Collected material
☆ ☆ ☆ ☆
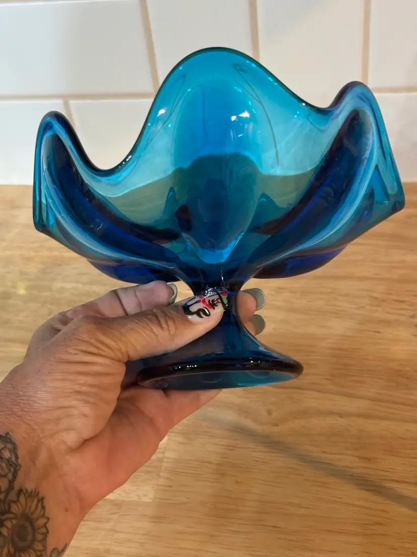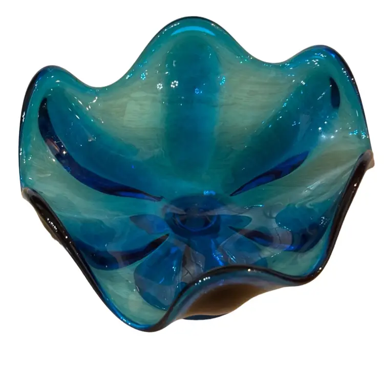 Blueing/blue Viking Epic 6 Petal Green 6-3/4" Crimped Compote
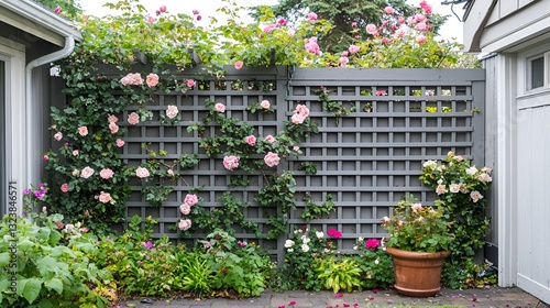 Rose-covered fence, backyard garden, blooming roses, idyllic scene, outdoor decor
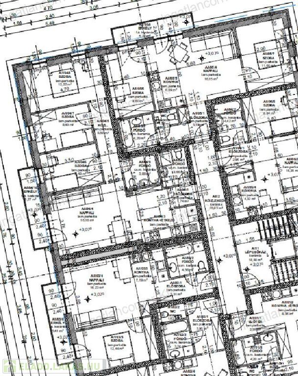 - 72 nm-es lakás: előszoba, nappali-konyha-étkező, fürdő, közlekedő, két 8 és egy 12 nm-es szoba, valamint 5 nm-es erkély.
☆ ☆ ☆ ☆
Try it
Copy the listing exactly. No images belong in the copy.

Your solution
 Blueing/blue Viking Epic 6 Petal Green 6-3/4" Crimped Compote
 Rose-covered fence, backyard garden, blooming roses, idyllic scene, outdoor decor
 - 72 nm-es lakás: előszoba, nappali-konyha-étkező, fürdő, közlekedő, két 8 és egy 12 nm-es szoba, valamint 5 nm-es erkély.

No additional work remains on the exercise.